Результаты, полученные для этих штаммов S. aureus and Е. faecalis, согласуются с результатами, полученными в анализе кинетики элиминации для всех протестированных изолятов MRSA и VRE. Результаты анализа кинетики элиминации Staphylococcus aureus KC01 при различных концентрациях NCL812 до 24 ч периода инкубации показаны на Фигуре 39. Результаты анализа кинетики элиминации Enterococcus faecalis USA01 при различных концентрациях NCL812 до 24 ч периода инкубации показаны на Фигуре 40.

Пример 9: Препараты, содержащие соединения.

С помощью стандартных способов, используемых в данной области, были приготовлены следующие препараты.

Препарат Ф - Препарат для местного применения - Гель на основе ПЭГ, содержащий соединения настоящего изобретения

4,0 г ПЭГ 4000;

3,5 ПЭГ 200;

0,6 пропиленгликоль;

1,9 г воды; и

0,204 г соединения (например, NCL099).

Смешивали ПЭГ 4000, ПЭГ 200 и пропиленгликоль и нагревали до 150°C до растворения всех твердых кристаллов. Соединение добавляли к воде и обрабатывали ультразвуком в течение 30 минут до полного суспендирования. Раствор соединения смешивали с гель-растворами и оставляли для охлаждения и отвердевания. Препарат A показал приемлемую вязкость, легкость нанесения на кожу, однородную суспензии и последовательной и соответствующую тонкую текстуру.

Препарат B - Препарат для местного применения - Гель на основе ПЭГ, содержащий соединения настоящего изобретения

3,0 г ПЭГ 4000;

1,0 г ПЭГ 8000;

3,0 ПЭГ 200;

1,0 пропиленгликоль;

1,9 г воды; и

0,202 г соединения (например, NCL099).

Смешивали ПЭГ 4000, ПЭГ 8000, ПЭГ 200 и пропиленгликоль и нагревали до 150°C до растворения всех твердых кристаллов. Соединение (например, NCL099) добавляли к воде и обрабатывали ультразвуком в течение 30 минут до полного суспендирования.
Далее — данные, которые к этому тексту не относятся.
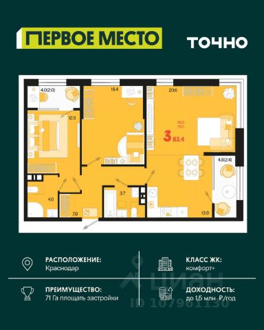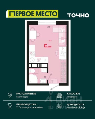 Купить квартиру-студию рядом со школой на улице Анатолия Барабанова в городе Краснодар

Раствор соединения смешивали с гель-растворами и оставляли для охлаждения и отвердевания. Препарат B показал приемлемую вязкость, легкость нанесения на кожу, однородную суспензии и последовательной и соответствующую тонкую текстуру.

Препарат C - Препарат для местного применения - Гель на основе ПЭГ, содержащий соединение-Soluplus

2,5 г ПЭГ 4000;

4,0 ПЭГ 200;

2,5 пропиленгликоль;

1,0 г воды; и

1,8 г твердой дисперсии соединение-SoluPlus.
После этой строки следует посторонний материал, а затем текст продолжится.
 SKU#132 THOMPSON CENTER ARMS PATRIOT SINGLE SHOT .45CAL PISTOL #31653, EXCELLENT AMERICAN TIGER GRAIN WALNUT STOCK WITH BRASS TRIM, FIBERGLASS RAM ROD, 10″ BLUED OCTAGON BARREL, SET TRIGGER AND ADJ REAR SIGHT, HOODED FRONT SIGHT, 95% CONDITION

SoluPlus был приобретен у BASF (www.soluplus.com). NCL812-SoluPlus готовили с помощью стандартных способов, известных в данной области. Смешивали ПЭГ 4000, ПЭГ 200, соединение-SoluPlus и пропиленгликоль и нагревали до 150°C до растворения всех твердых кристаллов. Добавляли воду, после чего раствор обрабатывали ультразвуком. Раствор оставляли для охлаждения и отвердевания. Препарат C показал приемлемую вязкость, легкость нанесения на кожу, однородную суспензии и последовательной и соответствующую тонкую текстуру.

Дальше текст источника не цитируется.